Test coverage is adequate, not thorough. One hundred seventy-nine tests across a full-featured writing app is a starting point. The critical paths are covered - auth, encryption, CORS, core components - but there are gaps in the export pipeline, the drag-and-drop interactions, and the Google Drive sync edge cases (network failures mid-upload, token expiry during export). These are the tests that prevent production incidents, and they are not written yet.
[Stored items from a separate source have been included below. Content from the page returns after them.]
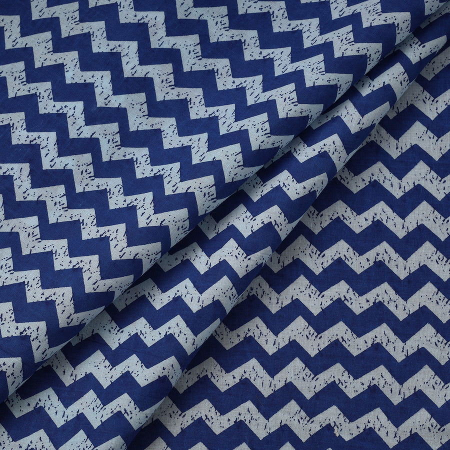 Fine quality blue zigzag jaipur screen printed pure cotton fabric from Jaipur, Rajasthan. Screen printing is a process involving big wooden screens is a printing technique from Sanganer, a village in the southern part of Jaipur, Rajasthan. Bleed free VAT dyes used.
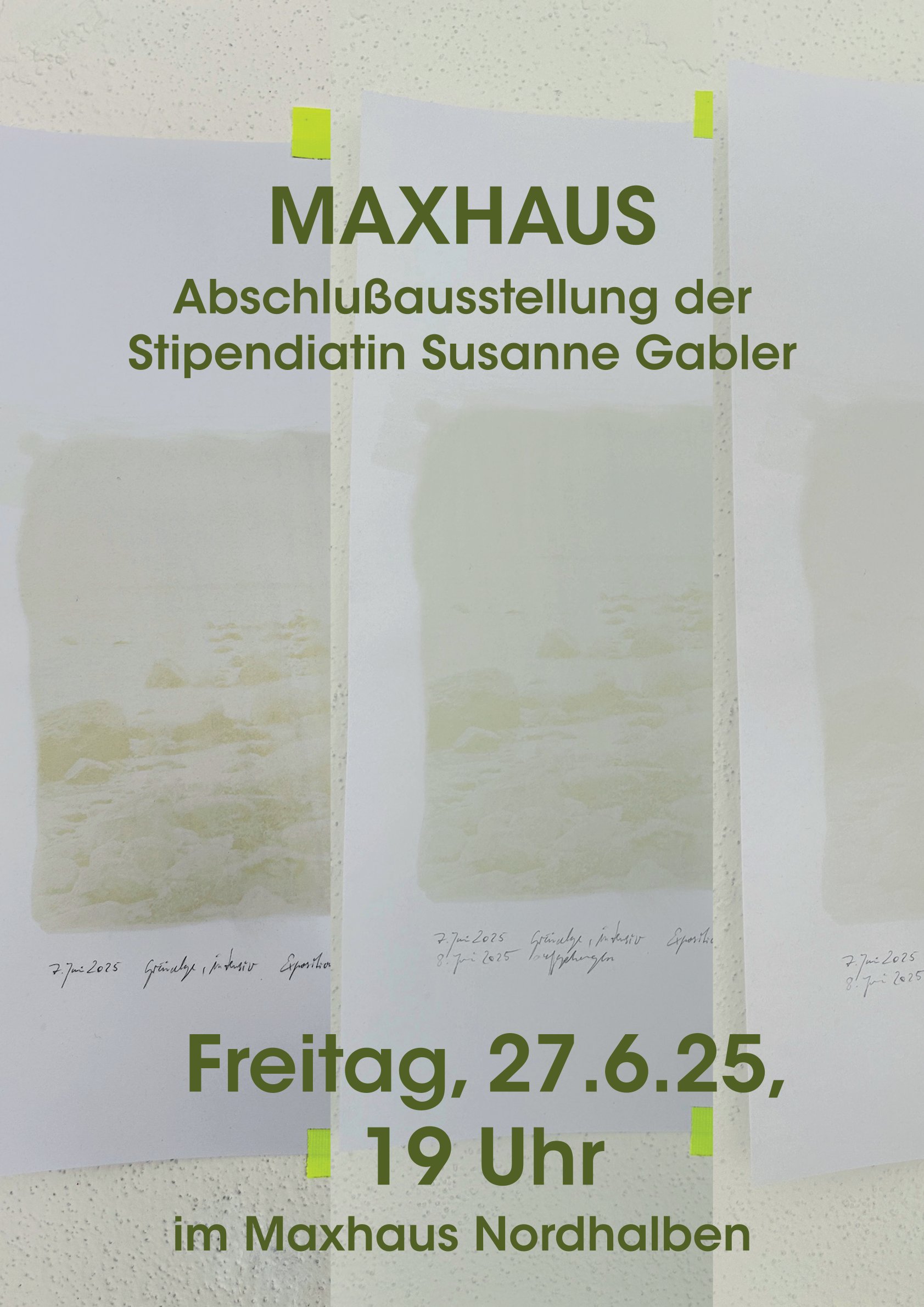 Abschlussausstellung Kunstaktion "mind the Maps" von Susanne Gabler Am Freitag, den 27.06.2025 findet die Abschlussausstellung der Kunstaktion "mind the Maps" von Stipendiatin Susanne Gabler im Künstlerhaus "Maxhaus" statt. Diese Veranstaltung im iCal-Format speichern Abschlussausstellung Susanne Gabler 27.06.2025 19:00 Uhr Künstlerhaus „MAXHAUS" Lobensteiner Str. 11 96365 Nordhalben Ausstellung
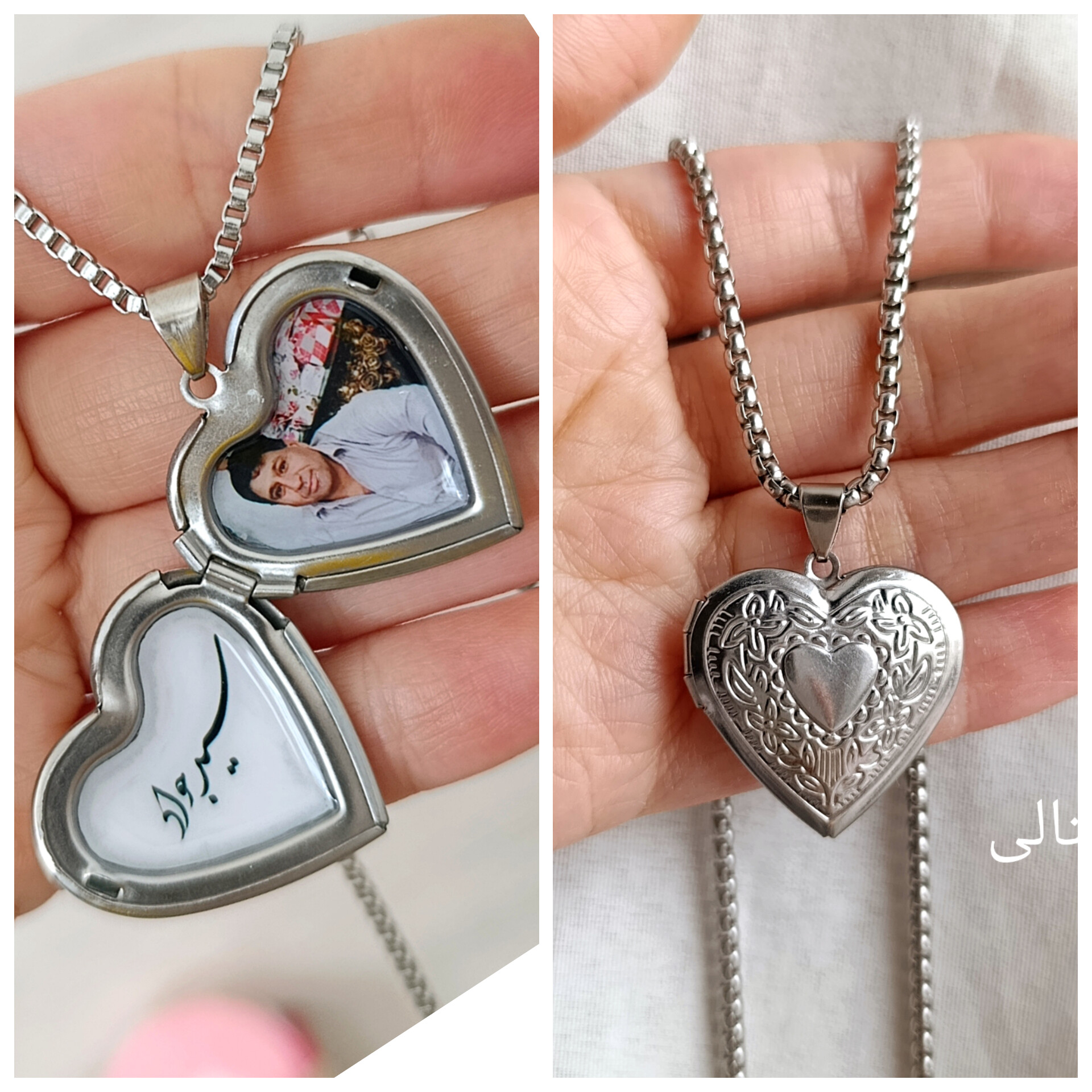 گردنبند لاکت استیل قلب نقره ای با چاپ عکس رزینی خرید قسطی
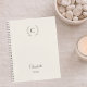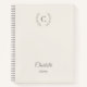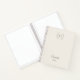Un cuaderno de marfil atemporal diseñado con un monograma refinado y detalles delicados de corona.
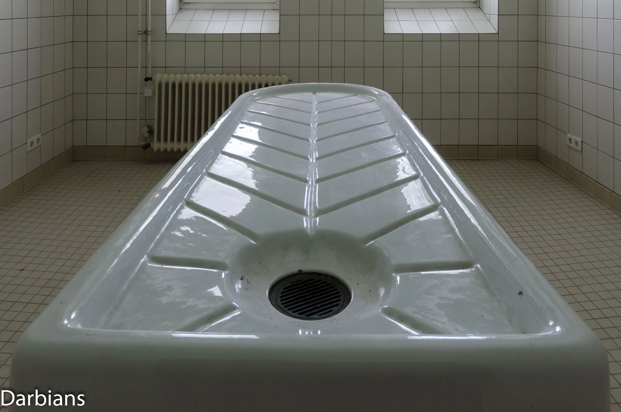 A sparse white tiled room with a porcelain slab it is hard to believe this clean morgue is actually in an abandoned hospital.

The two-day timeline compresses learning. When agents build fast, the team learns slowly. Each of those thirty-one PRs represents a set of decisions - API design choices, state management patterns, error handling strategies - that were made quickly by an agent optimizing for completion. Some of those decisions will need revisiting as the app matures and real usage patterns emerge. Speed of implementation is not the same as quality of decisions.

The Uncomfortable Part

A two-day sprint from code review to production raises a question that the industry is still working through: what does this mean for traditional sprint planning, estimation, and team structure?

We do not have a complete answer. What we can report is what happened: a code review identified problems, the problems were prioritized by severity, AI agents worked through the queue, and a production app emerged in 48 hours. The features are real. The tests pass. The security hardening is in place. Users are writing with it.

Whether this changes how teams plan sprints, estimate work, or structure their engineering organizations is a bigger question than one sprint can answer. What this sprint demonstrates is that the mechanics work. Code review produces a prioritized work queue. AI agents execute against that queue. The output is a production application, not a prototype.

The interesting question is not whether AI agents can do this. They just did. The interesting question is what your team does with the time that opens up when the build phase compresses from weeks to days.

The writing app went from a C code review to production in 48 hours. AI agents executed the sprint, merging 31 PRs across two days and producing 179 tests across frontend and backend. The code review rubric served as the sprint plan, with the testing D and security C addressed before feature work. The app is in production as a Progressive Web App.